● **Problem details**: For this exercise, please return exactly the line containing "Serwetki papierowe 1-warstwowe" and each line after it through the end of the records, with no pictures included.

--- Entries provided Enclosed Below ---

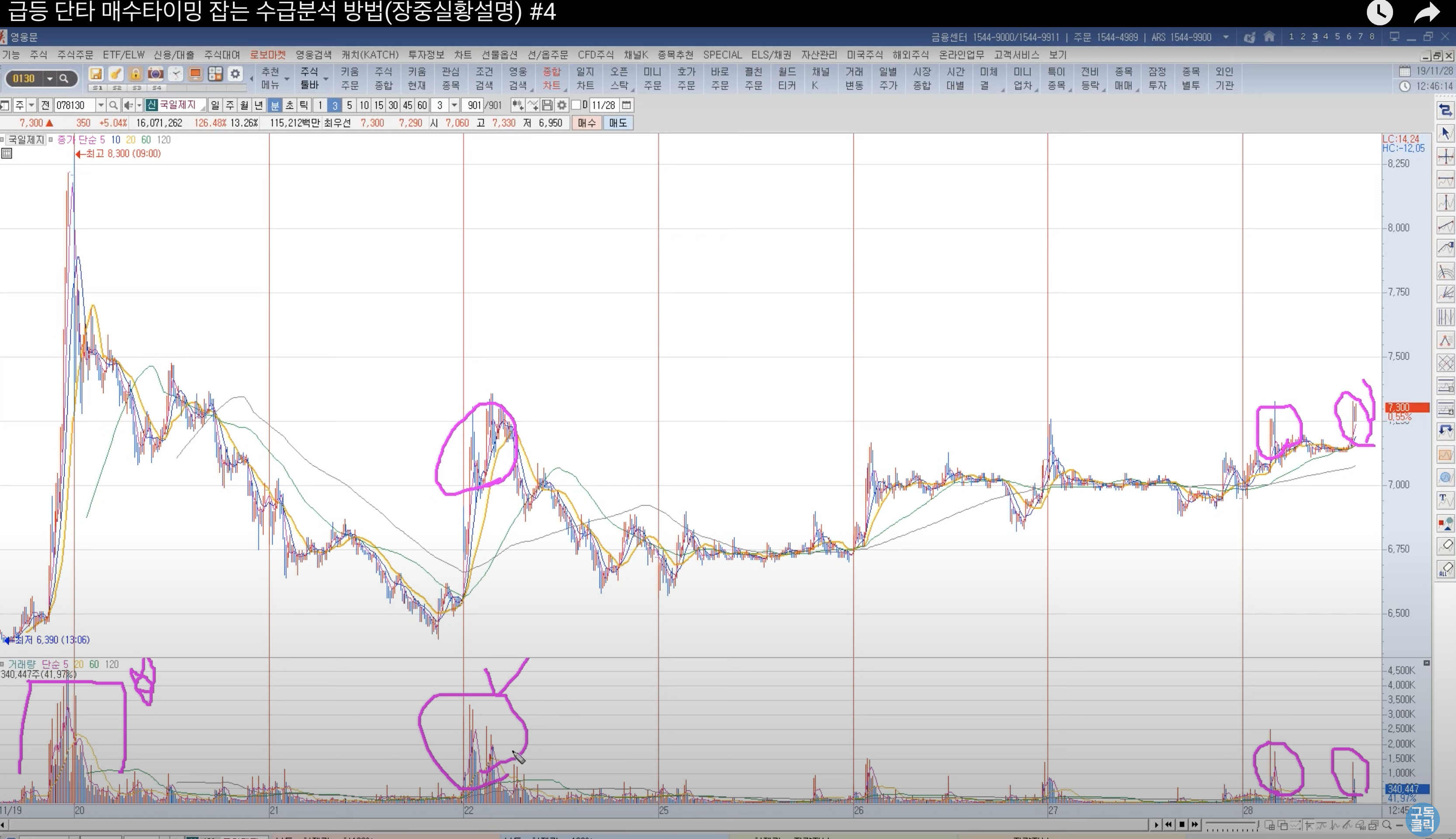 3분봉 화면에서 며칠전 급등 나왔을 때의 수급의 힘, 이후 파동 나올때 힘, 그리고 현재의 힘을 비교해봐야 한다.
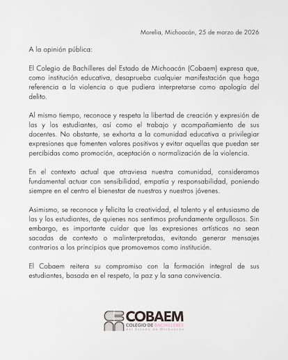 El Gobierno michoacano hace un llamado a la comunidad: “Quedan estrictamente prohibidas las manifestaciones que hagan apología al delito en cualquier expresión académica, cívia, cultural y deportiva que se realice en el Cobaem”. También advierte: “Al que provoque públicamente a comer un delito, incite al consumo de sustancias ilícitas o haga apologías de éstos, se le impondrán de tres a seis meses de prisión y multa de 80 a 150 Unidades de Medidad de Actualización [que este año se situa en 117,31 pesos]”.
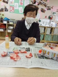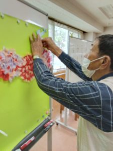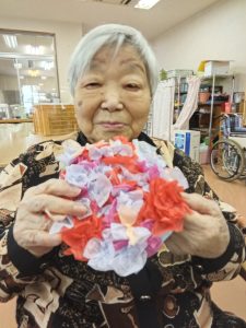 2024.06.12 日々の様子 ある日のデイサービス 5月のある日、お客様で紫陽花の壁飾りを作りました🌼 花びらをノリで貼って大きな紫陽花を作ります。 できた紫陽花を画用紙に貼って完成です☆ 壁飾りを背景に記念撮影を行いました😊
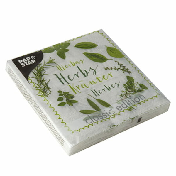 Serwetki papierowe 1-warstwowe "Mixed Herbs" składane w 1/4 Wymiary: 33 cm x 33 cm Kolor: multi Opakowanie: 20 szt.
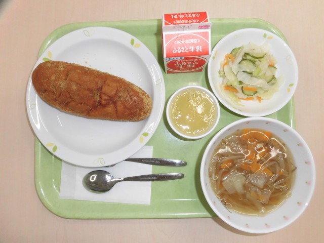 献立は、きなこあげパン、フレンチサラダ、春雨スープ、フルーツゼリー、牛乳です。
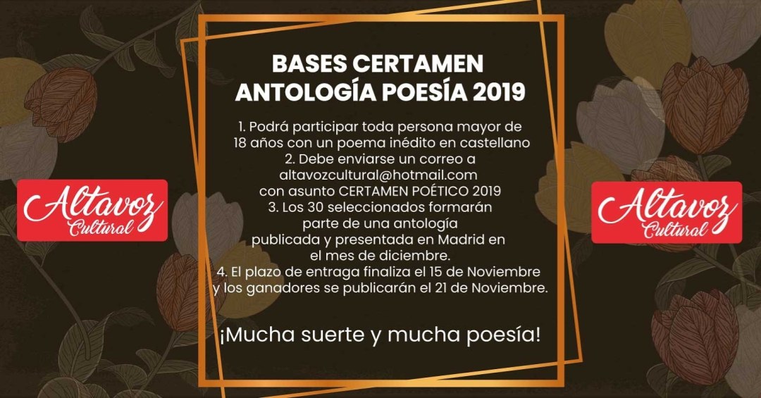 Altavoz Cultural convoca el presente certamen poético con arreglo a las siguientes bases: 1. Podrán participar todas aquellas personas mayores de 18 años sin restricción alguna por nacionalidad o lugar de residencia con un único poema inédito escrito en español, cuya extensión y cuya temática serán libres.2. Se seleccionarán los 30 mejores poemas, que serán … Sigue leyendo Certamen poético 2019

--- End of Enclosed Entries provided ---

● **Output for this task**:
 Serwetki papierowe 1-warstwowe "Mixed Herbs" składane w 1/4 Wymiary: 33 cm x 33 cm Kolor: multi Opakowanie: 20 szt.
 献立は、きなこあげパン、フレンチサラダ、春雨スープ、フルーツゼリー、牛乳です。
 Altavoz Cultural convoca el presente certamen poético con arreglo a las siguientes bases: 1. Podrán participar todas aquellas personas mayores de 18 años sin restricción alguna por nacionalidad o lugar de residencia con un único poema inédito escrito en español, cuya extensión y cuya temática serán libres.2. Se seleccionarán los 30 mejores poemas, que serán … Sigue leyendo Certamen poético 2019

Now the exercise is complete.